I was plugged in to the matrix for 48 hours now, and have seen interactions from 69083 unique users. Not bad, that's quite a good number of #DailyActiveUsers. I see activity from about 500-2000 users in five minute chunks, but on average it's somewhere below 1000.
On the code end. I've filtered out the language of each post, and it's an array for some reason. 
Sometimes it's
- undefined (it still has text, so it's not a picture-only post)
- ["en"] for a user who only ever posted in Japanese. Is it a default?
- Multiple languages at once. So is it a per-user parameter instead of a per-post parameter?
- Angika, com, ckb, papafish, mai, ... and other non-ISO 639-1 codes. Are they not sanitizing this value at all? I would expect them to at least only allow correct codes, and null-out wrong ones. Is that why there are undefined language labels?

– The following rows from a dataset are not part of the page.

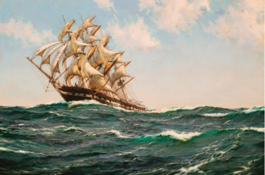 A merchant clipper’s bow cuts through the whitecaps atop an ocean swell, while a bright afternoon sun illuminates her full sails in this outstanding work by Montague Dawson. Like so many of Dawson’s ship portraits he’s chosen to portray a vessel of historic importance. This ship, the JOSHUA BATES, would ignite the career of her brilliant designer, Donald McKay- a pioneer whose elegant sharp bows and sweeping lines created the fastest and most reliable merchant clippers ever built.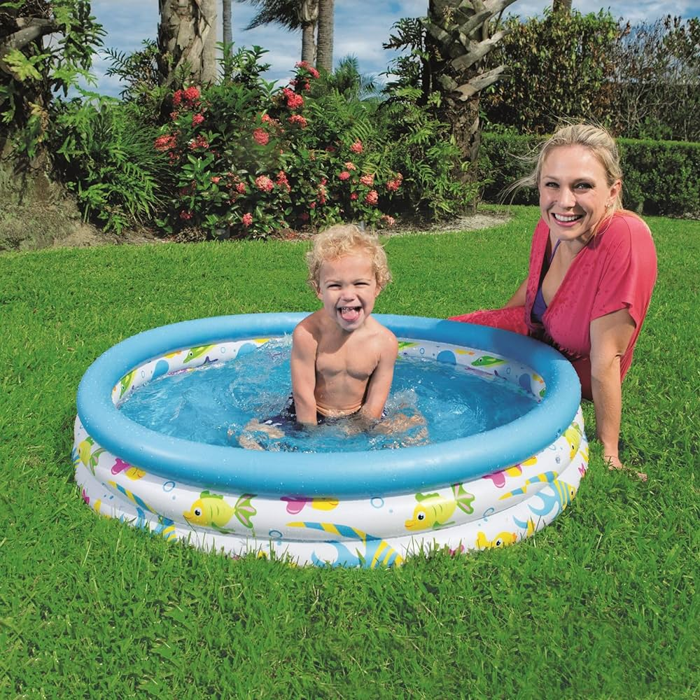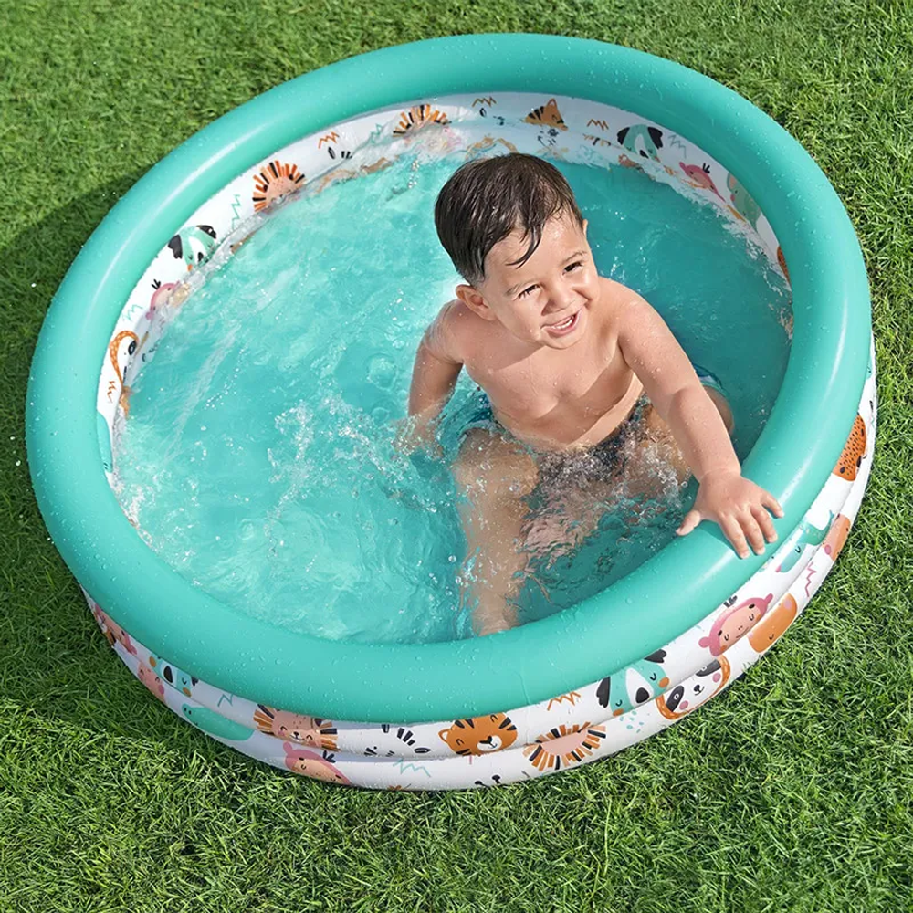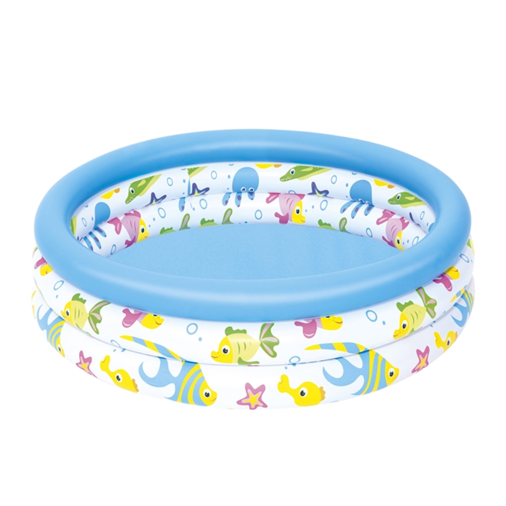 Базен на надувување за деца Аквариум 122 x 25 cm Bestway Сигурен базен за вашите деца, кој ќе стане совршена летна рекреација. Лесен е, па можете лесно да го преместите на најсоодветното место за вас, каде што вашите деца ќе можат безгрижно да уживаат во сончевите зраци и незаборавна забава. Малата висина на базенот и неговата површина гарантираат брзо загревање на водата од сончевите зраци, благодарение на што најмалите нема да чекаат долго за да можат да почнат да играат. Главни карактеристики: - интересни бои на дизајнот - три прстени на надувување - меко издувани ѕидови - меко дно Технички податоци: - димензии 122 cm x 25 cm - PVC материјал - капацитет на базен 140 литри - препорачана возраст од 2 години - препорачано полнење вода: 80% Тежина: 1 кг Димензии: 1.02М х 25СМ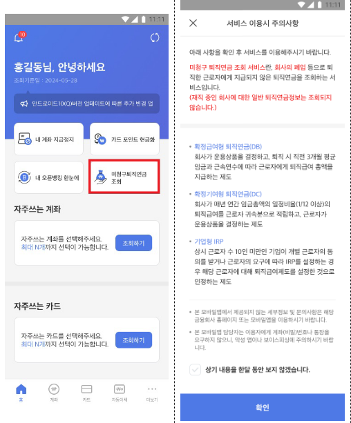 2. 잠자는 퇴직연금 찾기는 방법 (모바일 버전)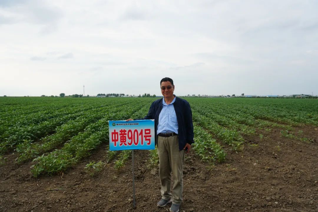 韓天富研究員在黑河與團隊選育品種合影。國家大豆產(chǎn)業(yè)技術研發(fā)中心供圖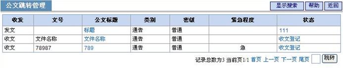 进入公文跳转主页面后,首先显示所有未办理完成的公文列表。

They could run some form of simple language detection code for this, but it's probably too computationally expensive. 
I've found 1000+ users with posts about #anime and #manga and followed them. My feed is significantly improved. Because I used their #API class to programmatically follow them, I have accidentally followed myself, and can't unfollow me. #BugRequestSent.
I have found my people
, and managed to find their posts. But oof, the engagement of the anime/manga community on Bluesky is ridiculously low compared to other types of posts (lewds, begging, cats). They'd be lucky to get >10 likes/reposts/quote-posts. There were 2212 posts and 2122 engagements. The top posts >12 likes are mostly lewds of anime girls.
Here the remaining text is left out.